Bowling Green is one of downtown Manhattan’s busiest public thoroughfares. Whether making their way to embark for the Statue of Liberty and Ellis Island, or to have their photograph taken by Arturo Di Modica’s Charging Bull, or Kristin Visbal’s new addition, the bronze Fearless Girl, the park throngs with tourists and Financial District workers. The small Green itself, the oldest public park in New York City, is dominated by one the city’s most beautiful examples of Beaux Arts architecture, the Alexander Hamilton U.S. Custom House.
Currently home to the National Museum of the American Indian, a bankruptcy court, and the National Archives of New York, the opulent building receives little of the vast foot traffic passing through Bowling Green. Which is a pity, for inside is one of the most remarkable examples of the WPA murals born out of the Great Depression.

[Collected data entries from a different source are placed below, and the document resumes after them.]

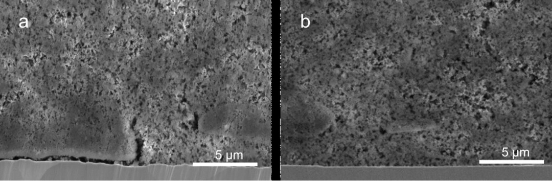 圖6. (a)使用NH3-PAA(7)粘結(jié)劑發(fā)生電極分層現(xiàn)象的負(fù)極和(b)使用NH3-PAA(3.5)粘結(jié)劑連接良好的負(fù)極的代表性橫截面圖像。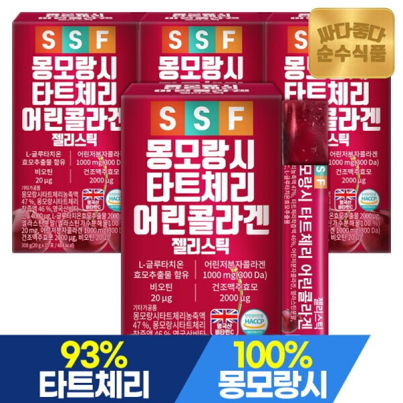 Pure Food Montmorency Tart Cherry Low Molecular Fish Collagen Jelly Sticks 300 Daltons, 4 Boxes (60 Packets) / 순수식품 몽모랑시 타트체리 저분자 피쉬 콜라겐 젤리 스틱 300달톤 4박스(60포)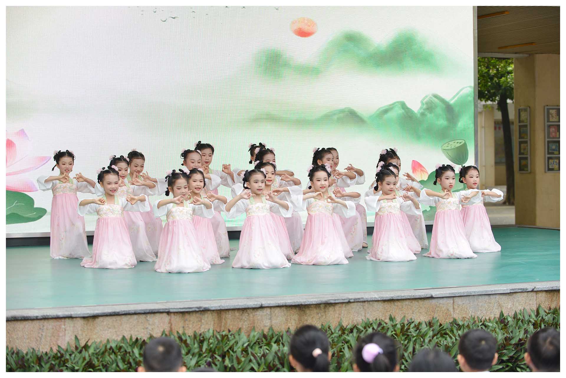 首先登场的足尖舞蹈团(低段)的小舞者们绽放着可爱的笑容,用青葱灵动的舞姿为我们演绎了《初夏》的欢乐。仿佛是荷塘戏水的渔童,又像是邻家采莲的女娃,拉开了这场雨季中的艺术节帷幕。

When Cass Gilbert completed the stunning U.S. Custom House in 1907, a few years before embarking on the Woolworth Building, New York was still principally a port city, one of the greatest and busiest in the world. Lower Manhattan was dominated by slips, piers, and docks. According to the GSA, the Custom House, “was a bustling place of activity as brokers and custom agents worked together building the wealth of this nation.”
One of the first buildings visible to ships sailing into New York Harbor from the Atlantic, the Custom House, named after Alexander Hamilton, was designed to be monumentally awe-inspiring. The U.S. Customs Service itself dated back to 1789, and is the oldest American Federal Agency, responsible for levying and collecting duties on the endless goods flowing into one of the world’s principal ports.
The grand nature of the Custom House and the business conducted inside was displayed in the vast central rotunda, with help from a series of murals, painted by New York artist Reginald Marsh, depicting daily life in the harbor. The eight vast murals were commissioned by the Treasury Relief Art Project as part of the New Deal, funded by the Works Progress Administration program.
Magnificent in scale, detail and execution, Marsh’s murals show the golden age of New York’s harbor: enormous steamliners dwarfing tugboats, automobiles being lowered onto docks, waterfronts bustling with stevedores, longshoremen, unending lines of immigrants, overshadowed by the dominating and ever-growing Manhattan skyline.
New York’s time as one of the greatest port cities in the world has long since passed, and the U.S. Custom House vacated the beautiful building overlooking Bowling Green for 6 World Trade Centre in 1973, where it was destroyed during the September 11th attacks. But visitors venturing inside the free museum, craning their necks upwards, will see a remarkable painted reminder of a vanished past.